# sounds like "Cudeeshk" or "Cudeshka"



## hdfx80

My grandmother used to call me this when I was misbehaving,not sure of spelling but I think it meant little brat or little curse. Most likely a slang term.


----------



## Outsider

I don't recognize them. Can you tell us a bit more about where in the Portuguese-speaking world your grandmother came from? That might help trace the word.


----------



## hdfx80

Grandfather was  born in Lisbon, Portugal and moved to Gloucester, Massachusetts as a child,then to Provincetown,Massachusetts.Both were small Portuguese fishing towns. I know my spelling of the word is way off just trying to sound it out.

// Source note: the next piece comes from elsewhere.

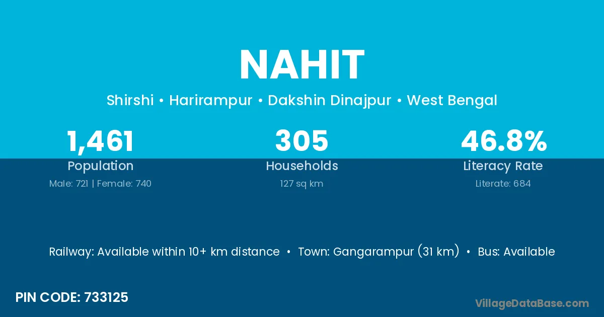 Gangarampur (31 km) is the nearest town to Nahit village for major economic activities and is located approximately 31 km away.

Grandparents would call us it when we were bad or being brats.


----------



## maralto

I am from Lisbon, hdfx80, and I do not recognize this kind of sound, or word...can you try another way of writing it??

Just as an exercise trying to help other portuguese people to figure out what that may have been, since I can't think of anything.

Estive a pensar em palavras pronunciadas em português europeu que aos ouvidos de um anglófono podiam soar assim.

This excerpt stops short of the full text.